劉華敏，漆彥斌，雷志斌

（廣東順德工業(yè)設(shè)計研究院，廣東 佛山 528300）

CHO 細胞，即中國倉鼠卵巢細胞（Chinese hamster ovary cells），具有不死性，可以傳代培養(yǎng)上百代，是生物技術(shù)藥物研發(fā)重要的工程抗體和重組蛋白的表達系統(tǒng)［1］，也是工業(yè)大規(guī)模化生產(chǎn)中最常見的細胞株，被廣泛作為外源基因的宿主生產(chǎn)蛋白藥物［2］。其優(yōu)點在于，具有轉(zhuǎn)錄后準確的修飾功能，表達的糖基化蛋白在分子結(jié)構(gòu)和生物學(xué)功能方面最接近天然分子蛋白［3-4］；屬于成纖維細胞，細胞內(nèi)源蛋白表達低，表達產(chǎn)物直接分泌到培養(yǎng)基中，便于收集目標表達產(chǎn)物［5］。

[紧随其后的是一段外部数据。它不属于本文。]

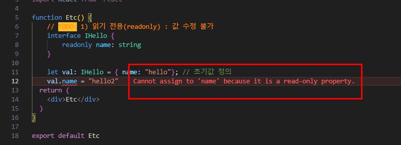 // TODO: 1) 읽기 전용(readonly) : 값 수정 불가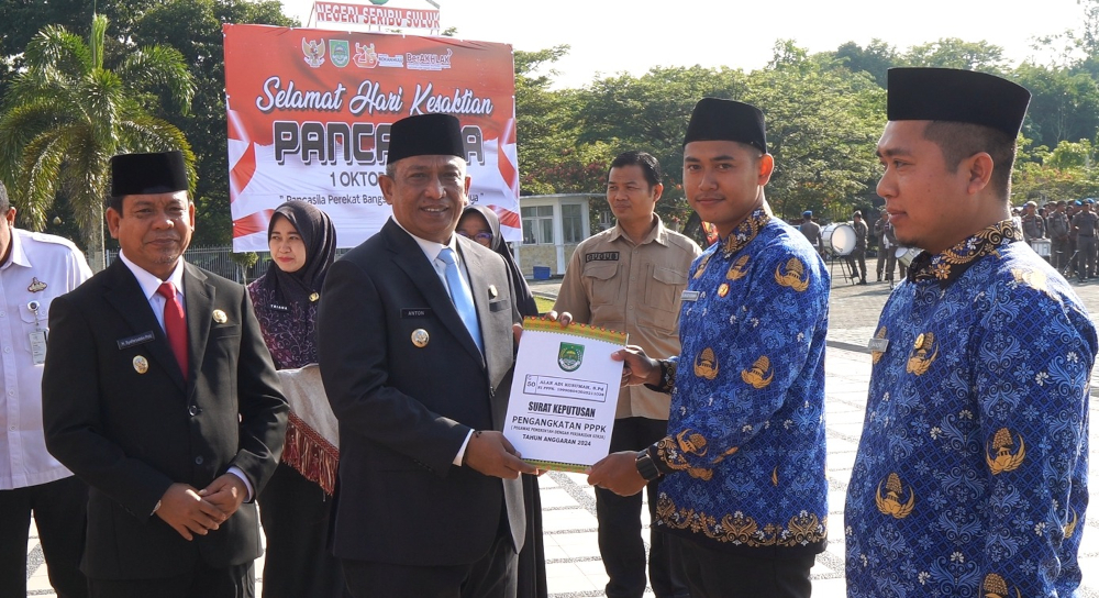 Hal ini ditegaskan Bupati Rokan Hulu, Anton ST MM, usai menyerahkan SK Bupati kepada 529 PPPK Tahap II Tahun Anggaran 2024. Penyerahan SK tersebut dilakukan bersamaan dengan upacara peringatan Hari Kesaktian Pancasila tingkat kabupaten di halaman kantor bupati, Senin (6/10).

傳統(tǒng)的CHO 細胞培養(yǎng)方式是在含有血清的培養(yǎng)基中貼壁生長，血清在給細胞提供生長增殖所需的激素、生長因子、轉(zhuǎn)移蛋白和其它營養(yǎng)物質(zhì)的同時，由于其所含成分復(fù)雜［6］，且不同產(chǎn)地、批次之間存在著質(zhì)量差異，因而給動物細胞大規(guī)模培養(yǎng)工藝造成了諸多不利影響。又因細胞培養(yǎng)獲得產(chǎn)物的過程中，血清成為分離和純化的主要障礙，因此，無血清培養(yǎng)基已成為哺乳動物細胞培養(yǎng)技術(shù)的發(fā)展方向［7］。

在工業(yè)化大規(guī)模生產(chǎn)中，細胞懸浮培養(yǎng)明顯優(yōu)于單層培養(yǎng)，是哺乳動物細胞首選模式［8］。CHO 細胞可以在無血清培養(yǎng)基中懸浮培養(yǎng)，適合工業(yè)化大規(guī)模培養(yǎng)。目前國內(nèi)的CHO 細胞化學(xué)成分限定的無蛋白培養(yǎng)基主要依賴Invitrogen、Sigma、Hyclone、Longza等國外試劑公司。當前針對CHO 細胞無血清培養(yǎng)基的研究，主要方法是在基礎(chǔ)培養(yǎng)基如DMEM/F12的基礎(chǔ)上，添加蛋白水解物，胰島素、轉(zhuǎn)鐵蛋白、生長因子、維生素、脂類、微量元素等［3，9-10］，這些都在一定程度上含有動物來源的蛋白或植物蛋白水解物，給生物制藥帶來風險。隨著人們對生物制品安全性要求的提高，無血清培養(yǎng)基，甚至化學(xué)成分限定的無蛋白培養(yǎng)基已逐漸成為今后發(fā)展的必然趨勢。因此，開發(fā)CHO 細胞化學(xué)成分限定的無血清培養(yǎng)基具有重要意義。

本文以CHO-K1細胞為研究對象，首先對貼壁細胞進行了懸浮馴化，之后在相同實驗條件下，統(tǒng)計三種培養(yǎng)基中細胞的增長率和存活率，比較了自配無血清培養(yǎng)基、Sigma Ex-CELL CD CHO 培養(yǎng)基和Gibco CD CHO 培養(yǎng)基馴化懸浮細胞CHO-K1-S 的培養(yǎng)效果，開發(fā)出適合CHO 細胞生長的低成本化學(xué)成分限定的無血清培養(yǎng)基。

1 材料與方法

1.1 材料

1）細胞株。中國倉鼠卵巢細胞（CHO-K1）購自ATCC。

2）培養(yǎng)基。Ex-CELL CD CHO 購自美國Sigma公司；CD-CHO 購自美國 Gibco 公司；DMEM、F12和RPMI1640購自美國Corning 公司。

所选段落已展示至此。